Nature reserve in Mecklenburg-Vorpommern, Germany

The Pohnstorf Moor Nature Reserve (Naturschutzgebiet Pohnstorfer Moor) is a nature reserve in the German state of Mecklenburg-Vorpommern. It lies in the southwest of the Klützer Winkel ("Klütz Corner") in the district of Nordwestmecklenburg.

The nature reserve has an area of 33 hectares and covers parts of the parishes of Roggenstorf (Gemarkung Grevenstein) and Damshagen (Gemarkungen Welzin and Pohnstorf) and was established on 27 June 2005 under the official number N 326. Its aim is the permanent protection, preservation and development of a biotope complex comprising partly wooded, alkaline fens (Kalkflachmooren), damp and wet meadows and hillocks of calcareous grassland.

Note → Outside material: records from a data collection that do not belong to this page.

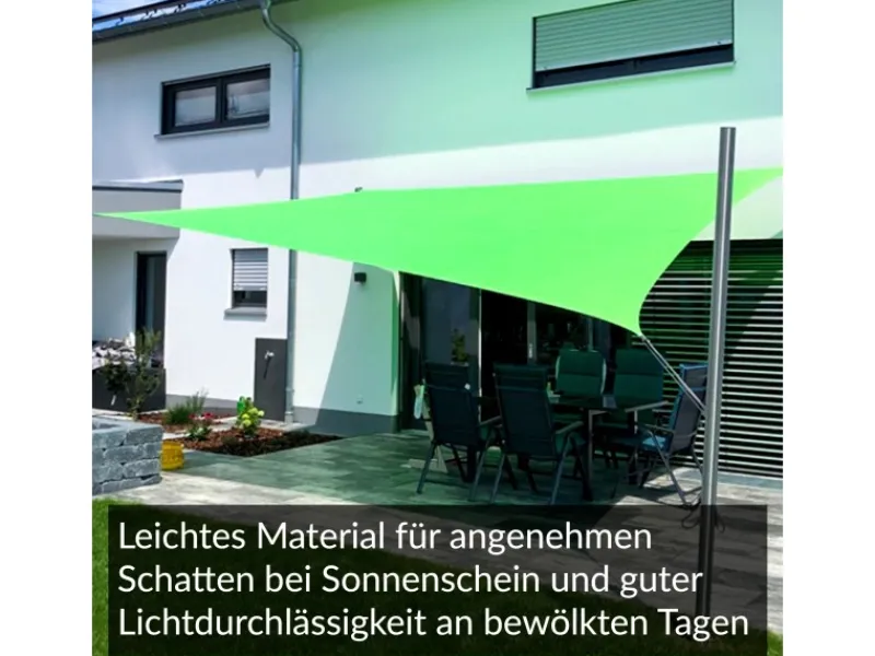 Wetterschutz im Garten: Sonnensegel mit Regenschutz und UV-Schutz UPF50+Suchen Sie zuverlässigen Schutz vor Sonne und Regen? Dieses hochwertige Sonnensegel bietet genau das! Gefertigt aus robustem PES-Stoff, lässt es sich mit wenigen Handgriffen spannen und schafft einen großzügigen Schattenbereich. Der langlebige Stoff mit einer Dichte von ca. 160 g/m² und die rundumlaufenden Gurtbänder sorgen für Stabilität und eine lange Lebensdauer.An heißen Tagen spendet das straff gespannte Sonnensegel wohltuenden Schatten und schützt dank seines UV-Schutzes mit UPF50+ effektiv vor schädlicher Sonneneinstrahlung. Gleichzeitig bleibt die Luftzirkulation ungehindert – ideal für Terrassen und Gärten. Dank dieser Belüftungseigenschaft bleiben die darunterliegenden Bereiche angenehm kühl, selbst bei hohen Temperaturen.Auch bei schlechtem Wetter überzeugt das wasserabweisende Sonnensegel: Es schützt zuverlässig vor Niederschlägen und ist windstabil bis Windstärke 7 (ca. 65 km/h). Perfekt für den Einsatz im Garten, auf Terrassen oder bei Outdoor-Events. Durch seine regendichte Verarbeitung schützt es Möbel, Sandkästen und andere Gegenstände effektiv vor Nässe.Ein weiterer Vorteil: Das Sonnensegel dient nicht nur als Wetterschutz, sondern auch als Sichtschutz – ideal für Terrassen und Innenhöfe. Mit dem integrierten UV-Schutz UPF50+ und der robusten Verarbeitung sind Sie bestens gerüstet, um ungestört und wetterunabhängig Ihre Zeit im Freien zu genießen!
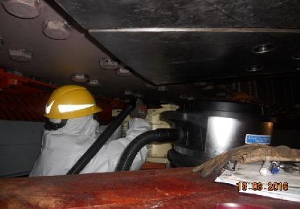 Nuestra empresa, en conjunto con la firma Envirovac de Canadá realizó la descontaminación de la unidad, limpiando y retirando los materiales contaminados cumpliendo con toda la normativa de seguridad medioambiental y laboral.
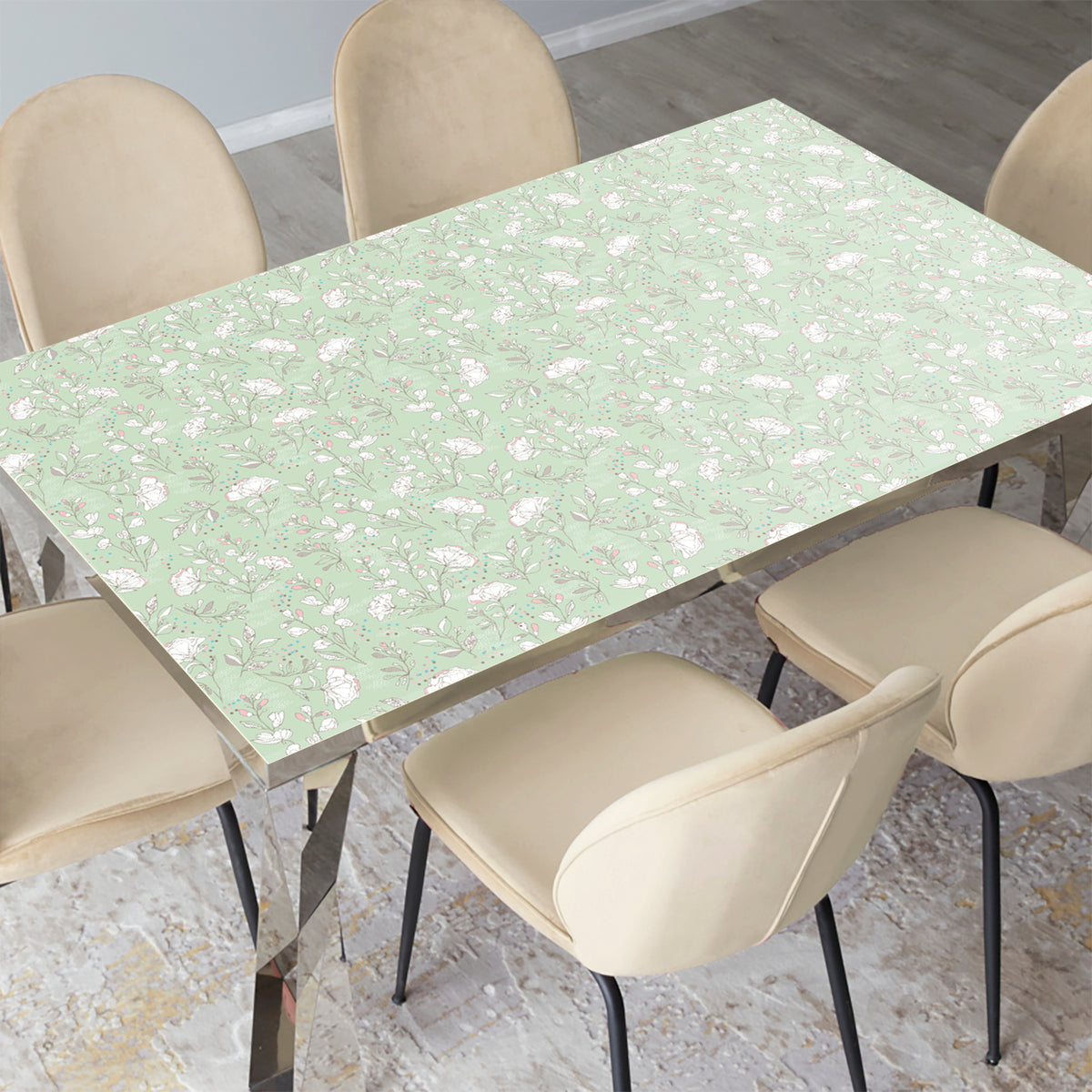 מפת שולחן pvc מלבנית פרחי פיוני - ירוק
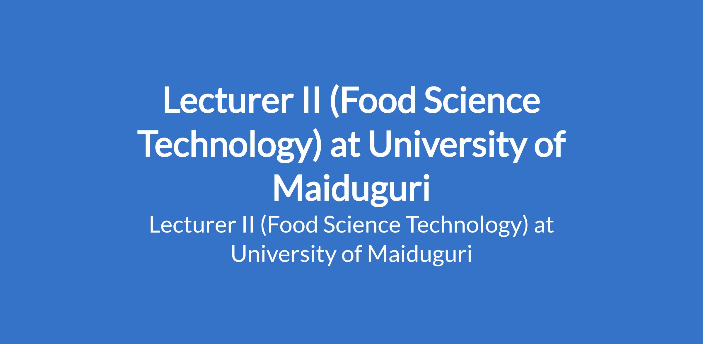 University of Maiduguri invites applications from suitable candidates to fill the position of: Lecturer II (Food Science Technology). The position is located in Borno State. Interested candidates should possess a Master's Degree from University of Maiduguri or another recognised institution with at least three years post-qualification experience.
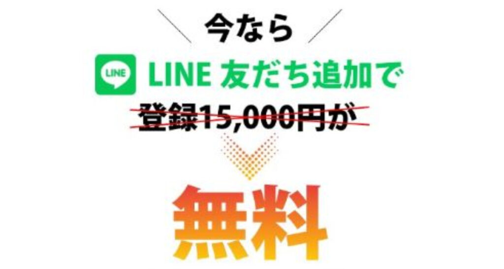 LINE登録を行い際に分かったことなのですが、「今ならLINE友達追加で登録15,000円が無料」との記載がありました。
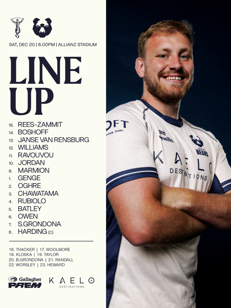 Bristol Bears team to face Harlequins at Allianz Stadium on Saturday (6pm KO, live on TNT Sports):
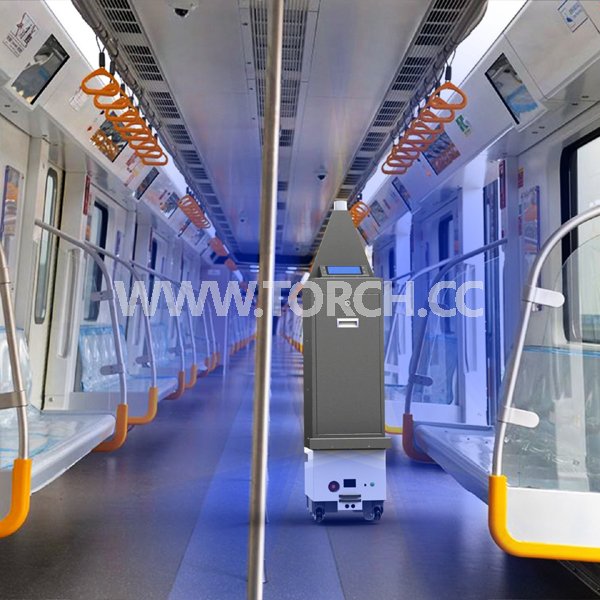 通過大功率深紫外殺毒模塊和機(jī)器人的有機(jī)結(jié)合,開發(fā)出地鐵專用殺毒機(jī)器人。在地鐵停用后,無人值守自動完成地鐵車廂的殺毒。
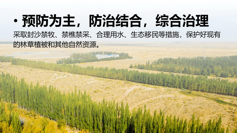 以图片,案例,思维导图等展示面对荒漠化,坚持预防为主,防治结合,综合治理。
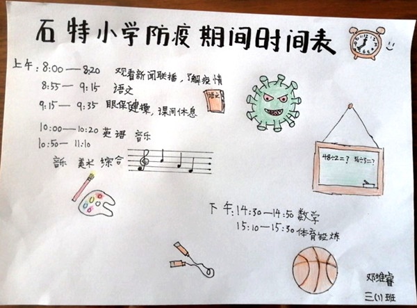 3月2日當天,同學們認真地端坐在書桌前,認真地觀看微課視頻,積極思考,勤做筆記。在互動環(huán)節(jié),老師們?yōu)橥瑢W們答疑解惑,批改作業(yè),做精準及時的指導,大大提升了他們的學習效率。除了學科知識的教學,學校還十分重視健康教育。老師們不僅積極普及防“疫”知識,而且不斷鼓勵同學們進行體育鍛煉和參與家務勞動,用實際行動抗擊疫情。學校更是開設了豐富多彩的拓展課程,包括音樂鑒賞、創(chuàng)意美術(shù)等;同學們可以根據(jù)自己的興趣愛好自行選擇。為了讓自己的學習更有效,不少同學還精心制定了自己的在線學習計劃,讓“居家學習”更加充實、有意義。
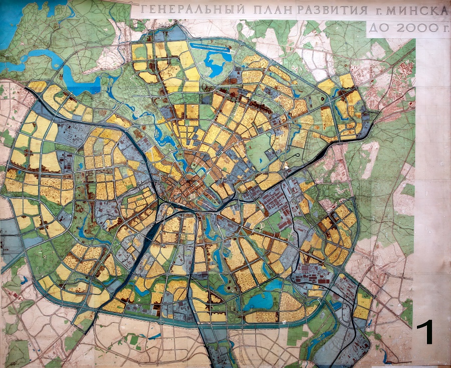 В 1985-м году в Минске был принят новый генеральный план развития до 2000-го года, заменивший аналогичный документ от 1965-го. Хотя план принимался до XXVII съезда КПСС 86-го года, он уже учитывал задачу обеспечить советских трудящихся 22 «квадратами» жилой площади на брата (с текущих 14,6 метра). Годом спустя задача была сформулирована генеральным секретарем Михаилом Горбачевым еще более прямо: «Каждой советской семье — отдельную квартиру к 2000 году». Программа получила название «Жилье-2000» и предполагала ввод в строй фантастические 2,25 миллиарда квадратных метров по всему СССР, но в 1991-м Союз распался. Последний советский генплан Минска «видел» те микрорайоны, которые были построены только в наше время и даже те, которые пока так и остаются на бумаге. Давайте же смотреть.
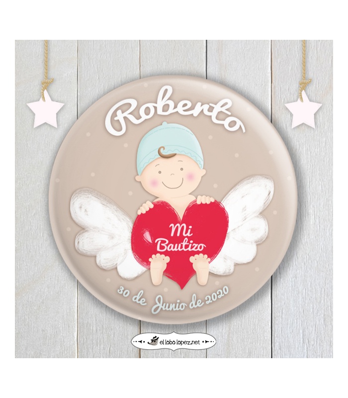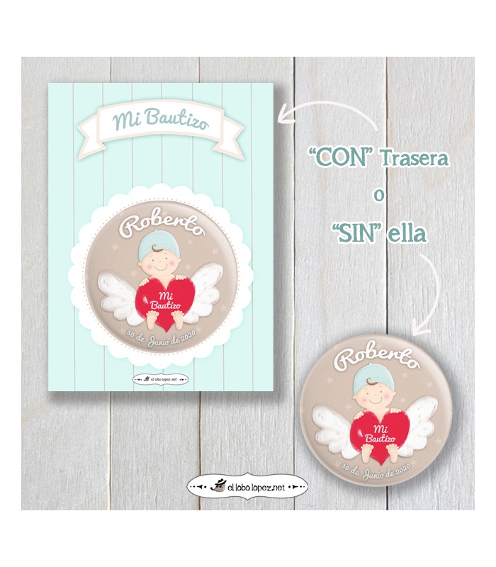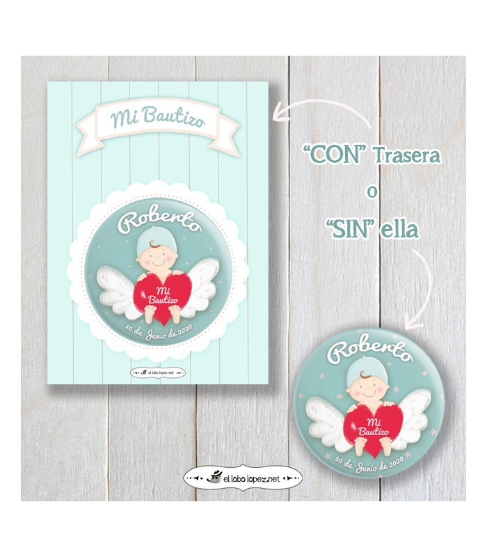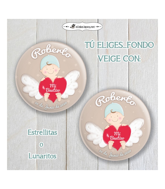 Chapa Personalizada "BEBÉ ANGELITO" (niño) Ø 59mm o 75mm (Diseño by Arteneus).

The region was previously extensively farmed, predominantly as cattle pasture and hay meadows, and is therefore especially rich in species that like damp and wet meadows, including endangered species of plants and animals and even those threatened by extinction.

== History ==
The region lies embedded in terminal moraine landscape formed by glaciation . The Pohnstorf Moor itself was formed by the drying out of a calcareous-mesotrophic lake.

== Flora and fauna ==
An extensive marsh complex occupies the central part of the territory. There are sedges, rushes and reed stands. The peat layer is only a few tens of centimetres high. In the western part of the area there are carr woodlands of willow, birch and alder.